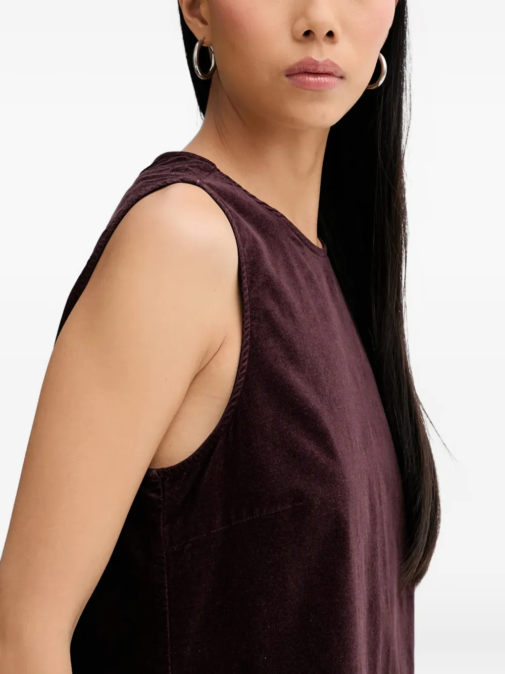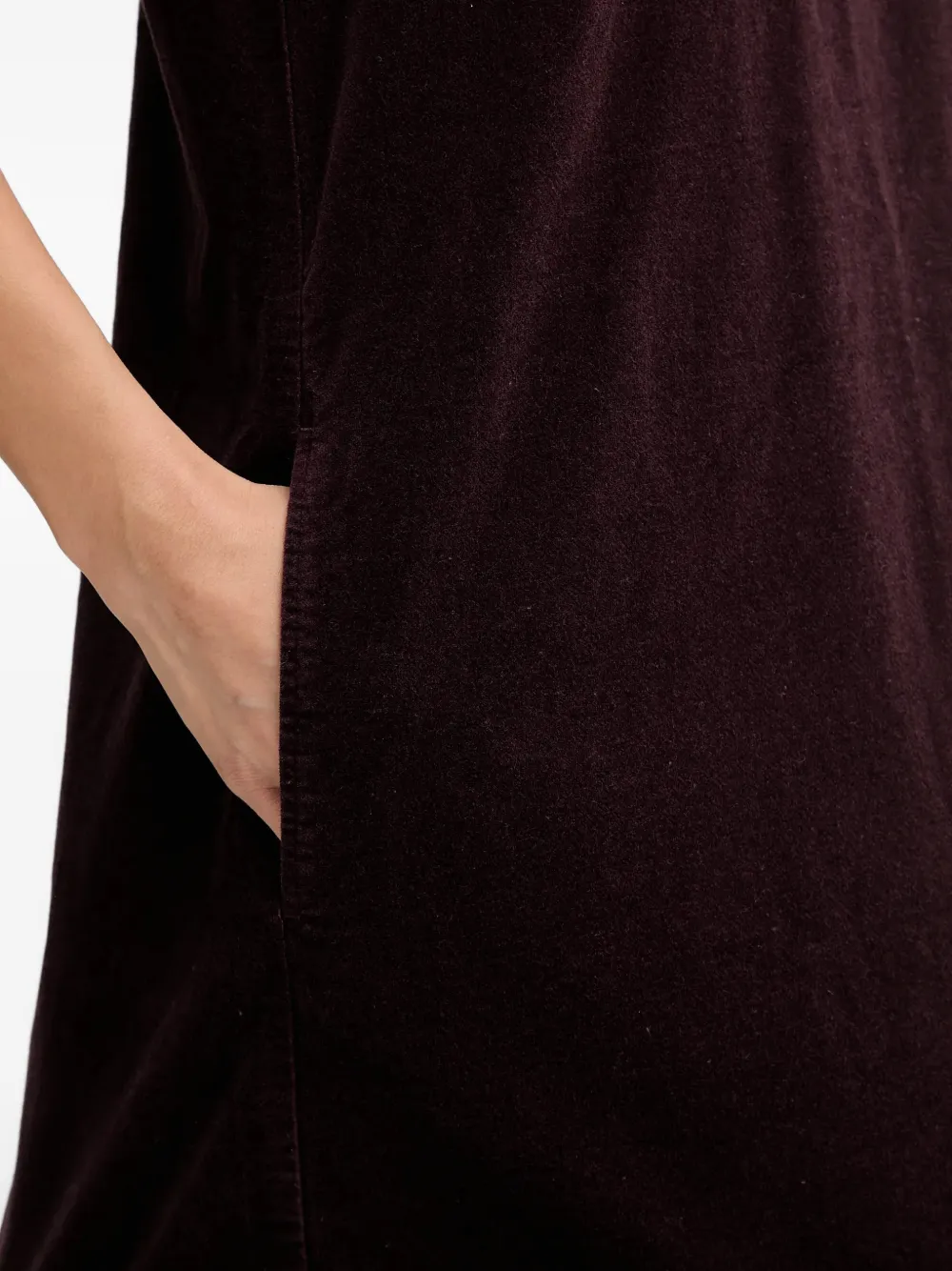Бордовый бархат, фактурная поверхность, круглый вырез горловины, боковые прорезные карманы, застежка на молнию
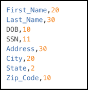 To input the file format for fixed-width files, create a text document with the field names and the length of each field, one combination per line. The screenshot below shows an example of content for fixed-width formats. In this format, the field name is followed by the length of the field, separated by a comma.
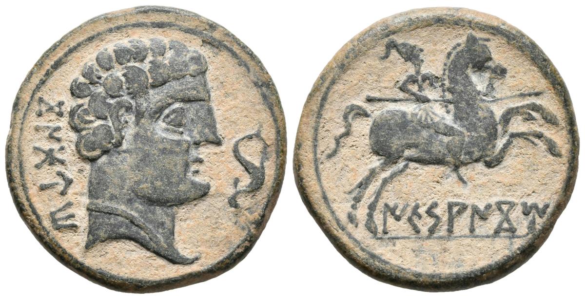 ICESANCOM. As. 120-20 a.C. Alcalá de Henares (Madrid). A/ Cabeza masculina a derecha, delante delfín, detrás leyenda CoNBoUTo. R/ Jinete con lanza a derecha, debajo leyenda ICeSANCoM. FAB-1421. Ae. 9,35g. Buen ejemplar. MBC+.
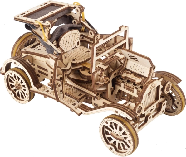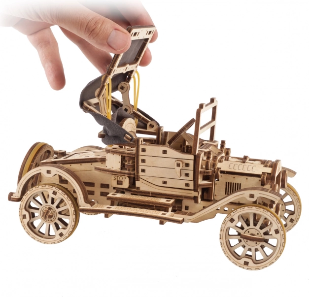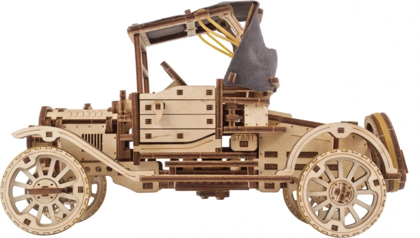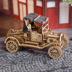 Lépjen be a történelmi járművek világába ezzel a fából készült modellel, amelyet az ikonikus Ford Model T inspirált. A modell nyitható ajtókat, összecsukható vászontetőt és az önálló vezetés, beleértve a hátramenetet is, lehetőséget kínál.
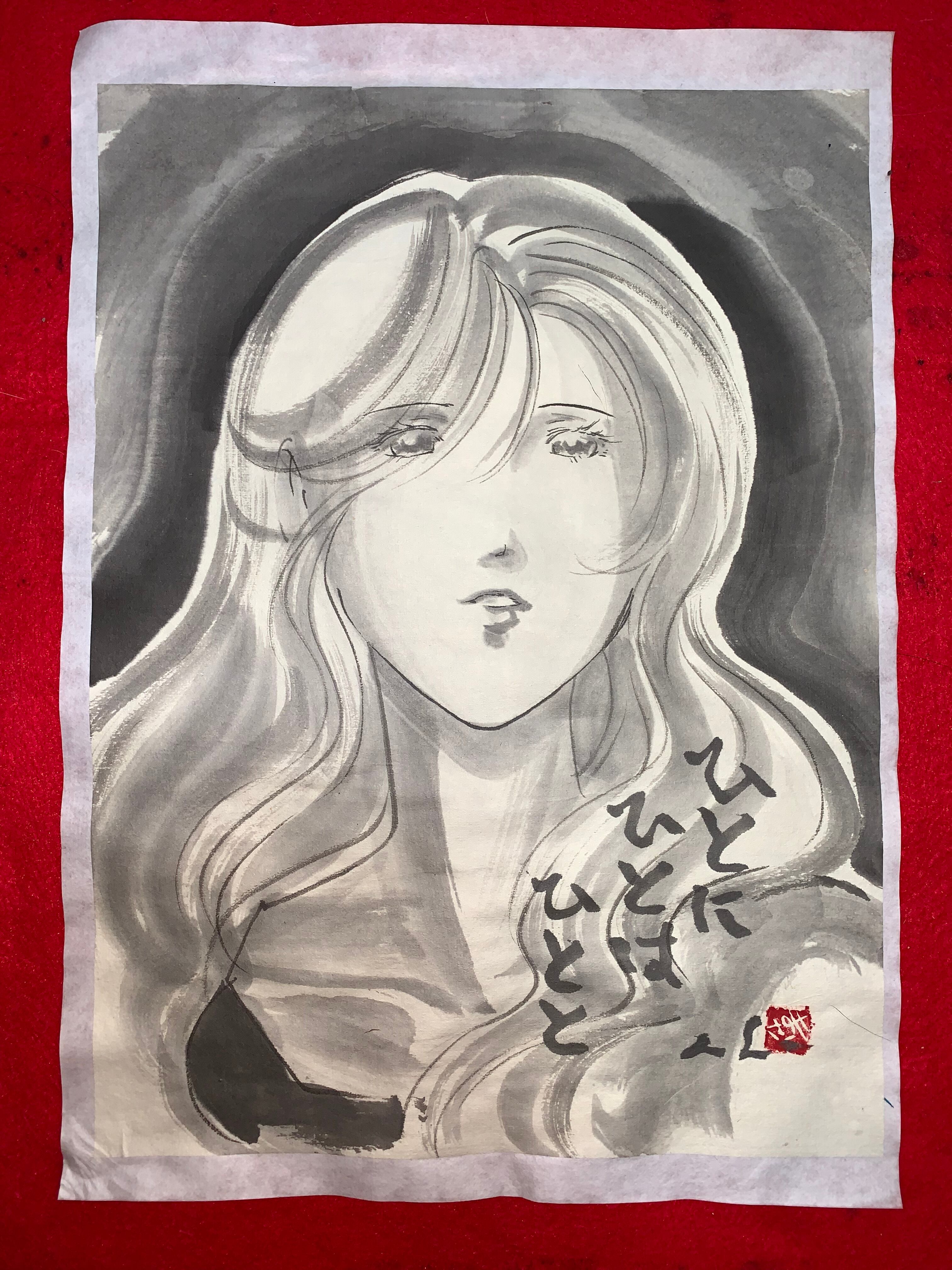 「ひとは」 美人画 肉筆画 墨絵 水墨画 原画 現品限り
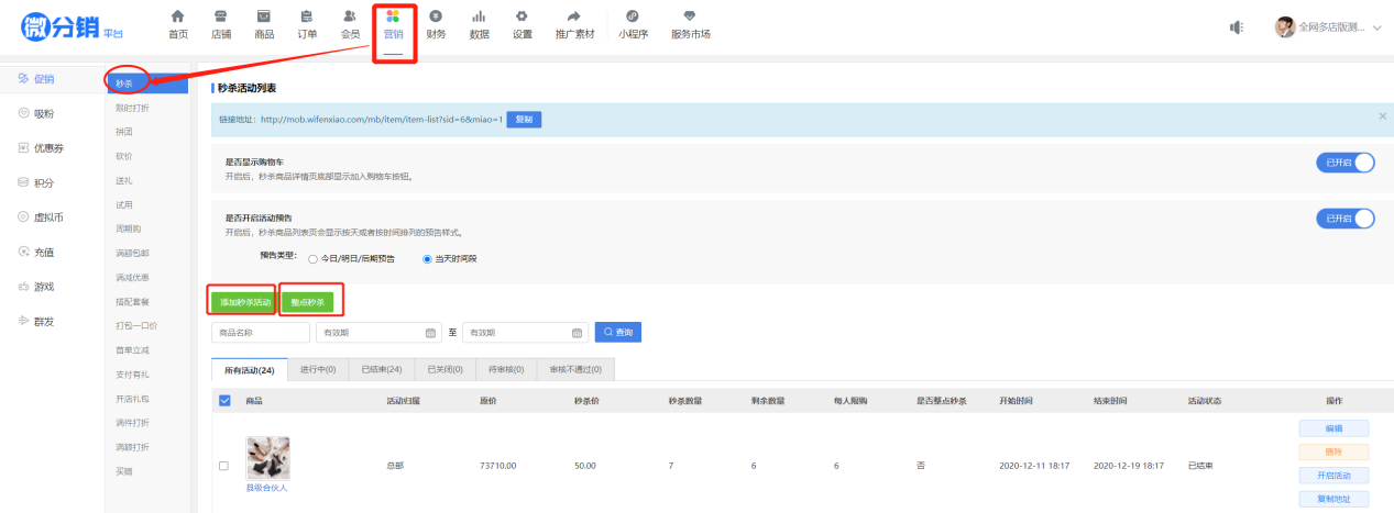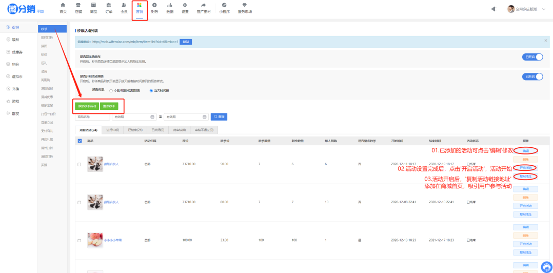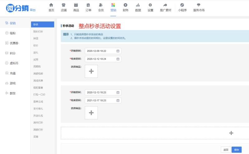 1、如何在啟博微分銷商家管理后臺創(chuàng)建一場“限時秒殺”活動:
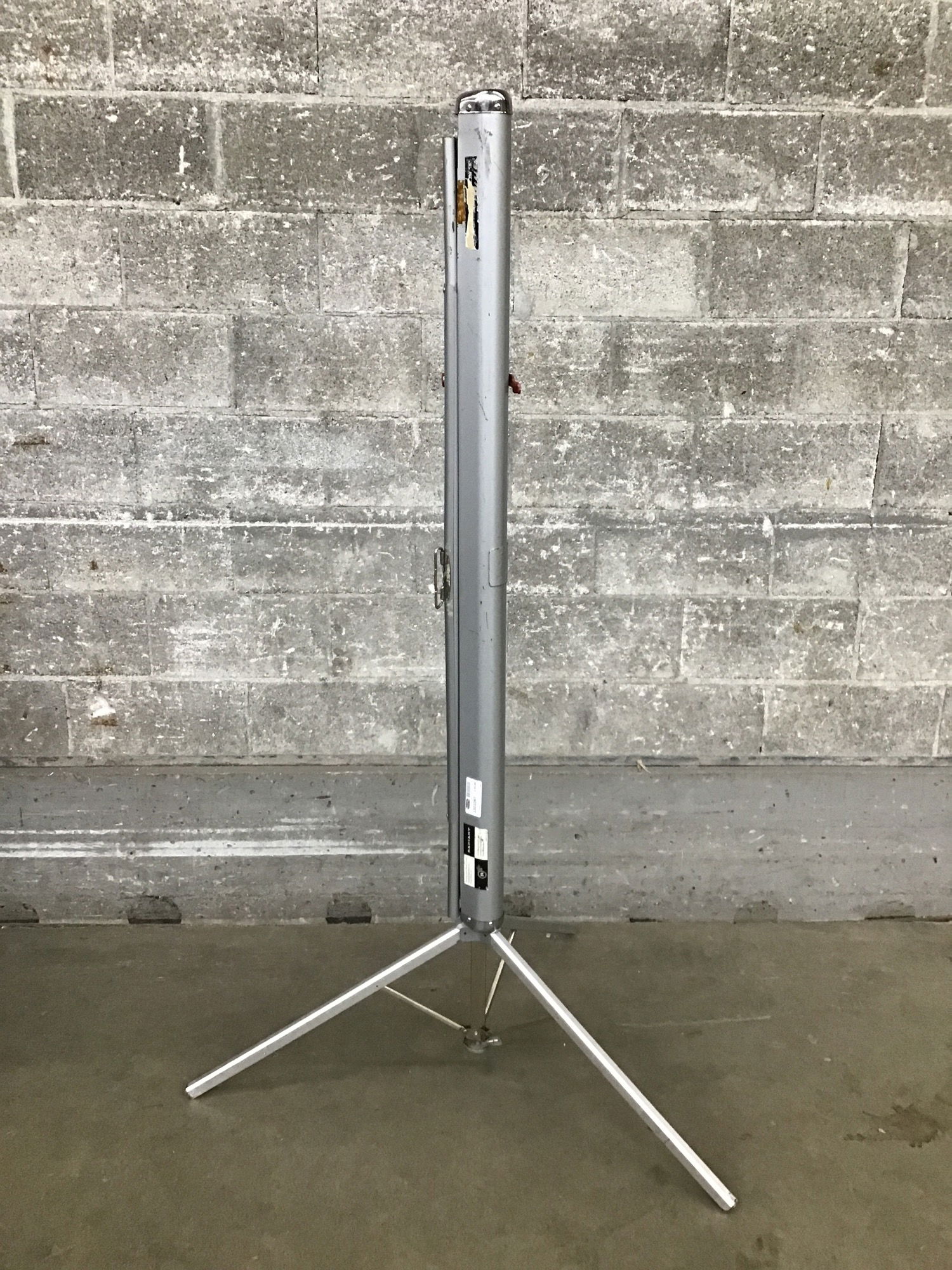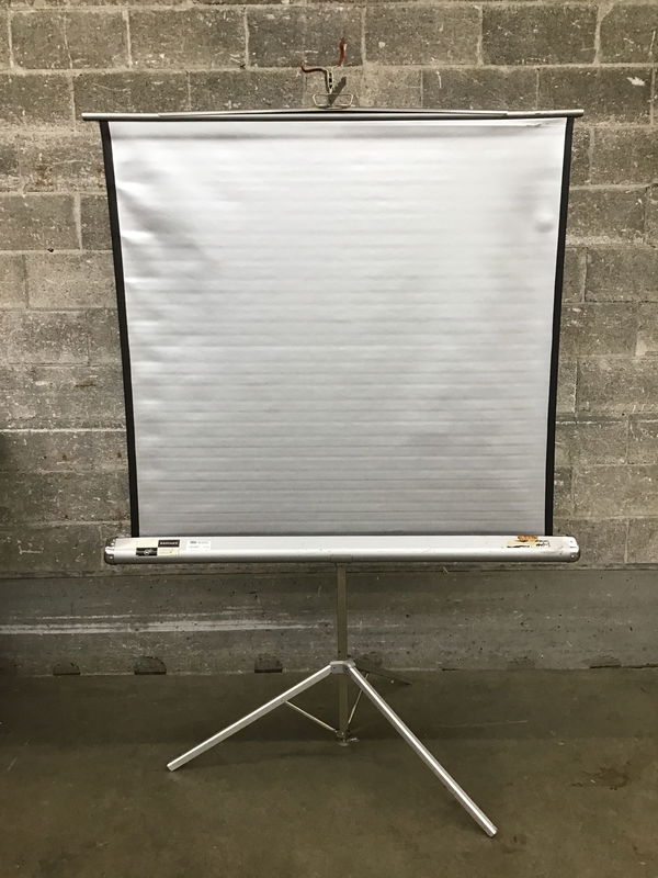 Vintage Radiant brand portable projector screen. Stand collapses and expands well, screen is about 4x4'. Fun midcentury look to it all!

- _BRIEF_
Nothing but the lines from the line containing "Lépjen be a" through the last line of the records above is to be extracted, exactly and with no pictures.

- _ANSWER SECTION_
 Lépjen be a történelmi járművek világába ezzel a fából készült modellel, amelyet az ikonikus Ford Model T inspirált. A modell nyitható ajtókat, összecsukható vászontetőt és az önálló vezetés, beleértve a hátramenetet is, lehetőséget kínál.
 「ひとは」 美人画 肉筆画 墨絵 水墨画 原画 現品限り
 1、如何在啟博微分銷商家管理后臺創(chuàng)建一場“限時秒殺”活動:
 Vintage Radiant brand portable projector screen. Stand collapses and expands well, screen is about 4x4'. Fun midcentury look to it all!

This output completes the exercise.